→ STORED DATA
•••••
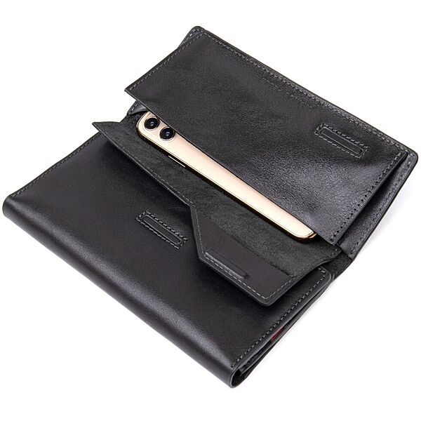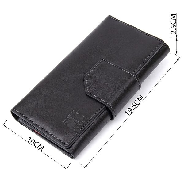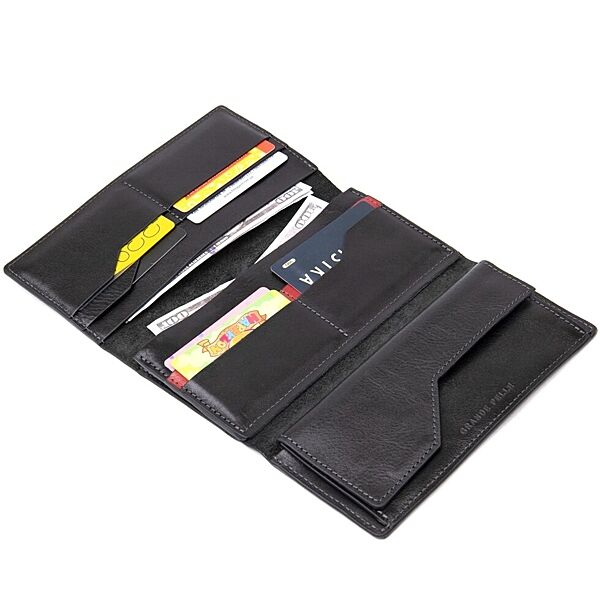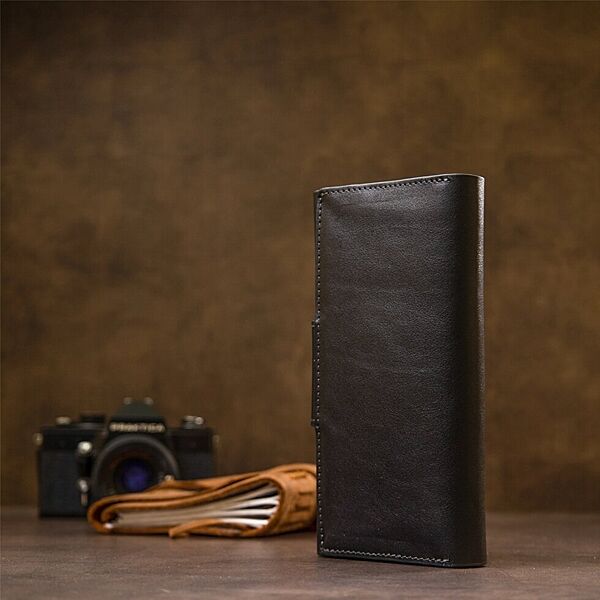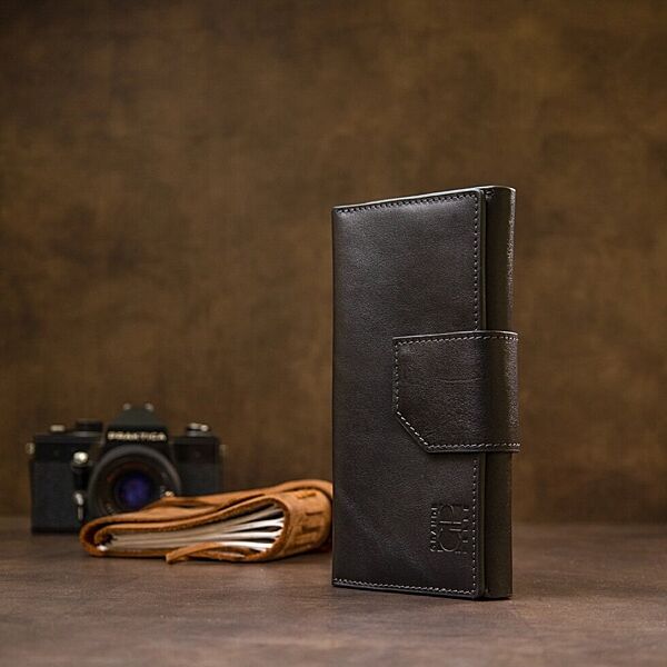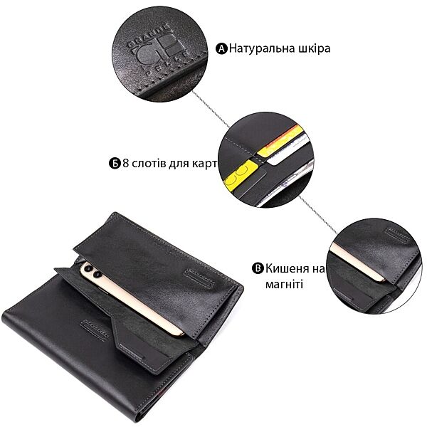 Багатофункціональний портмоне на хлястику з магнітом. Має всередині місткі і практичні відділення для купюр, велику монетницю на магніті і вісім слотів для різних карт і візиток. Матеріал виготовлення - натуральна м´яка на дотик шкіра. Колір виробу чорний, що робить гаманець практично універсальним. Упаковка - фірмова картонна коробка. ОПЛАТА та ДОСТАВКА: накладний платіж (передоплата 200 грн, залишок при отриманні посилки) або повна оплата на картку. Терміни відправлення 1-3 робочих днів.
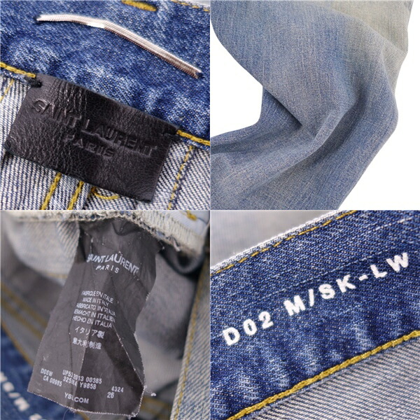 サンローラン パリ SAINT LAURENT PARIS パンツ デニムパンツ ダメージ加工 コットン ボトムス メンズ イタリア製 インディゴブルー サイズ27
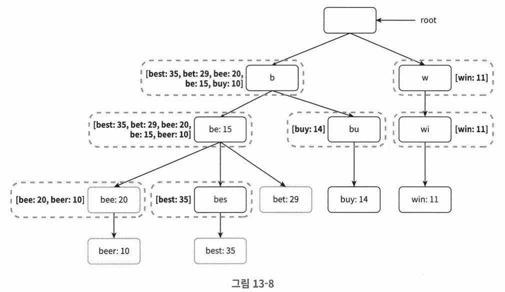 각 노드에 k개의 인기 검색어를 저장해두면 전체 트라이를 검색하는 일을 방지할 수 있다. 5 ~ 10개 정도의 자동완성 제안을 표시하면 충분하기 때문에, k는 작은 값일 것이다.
•••••
Make a word-for-word repeat of the material, skipping all pictures.

 Багатофункціональний портмоне на хлястику з магнітом. Має всередині місткі і практичні відділення для купюр, велику монетницю на магніті і вісім слотів для різних карт і візиток. Матеріал виготовлення - натуральна м´яка на дотик шкіра. Колір виробу чорний, що робить гаманець практично універсальним. Упаковка - фірмова картонна коробка. ОПЛАТА та ДОСТАВКА: накладний платіж (передоплата 200 грн, залишок при отриманні посилки) або повна оплата на картку. Терміни відправлення 1-3 робочих днів.
 サンローラン パリ SAINT LAURENT PARIS パンツ デニムパンツ ダメージ加工 コットン ボトムス メンズ イタリア製 インディゴブルー サイズ27
 각 노드에 k개의 인기 검색어를 저장해두면 전체 트라이를 검색하는 일을 방지할 수 있다. 5 ~ 10개 정도의 자동완성 제안을 표시하면 충분하기 때문에, k는 작은 값일 것이다.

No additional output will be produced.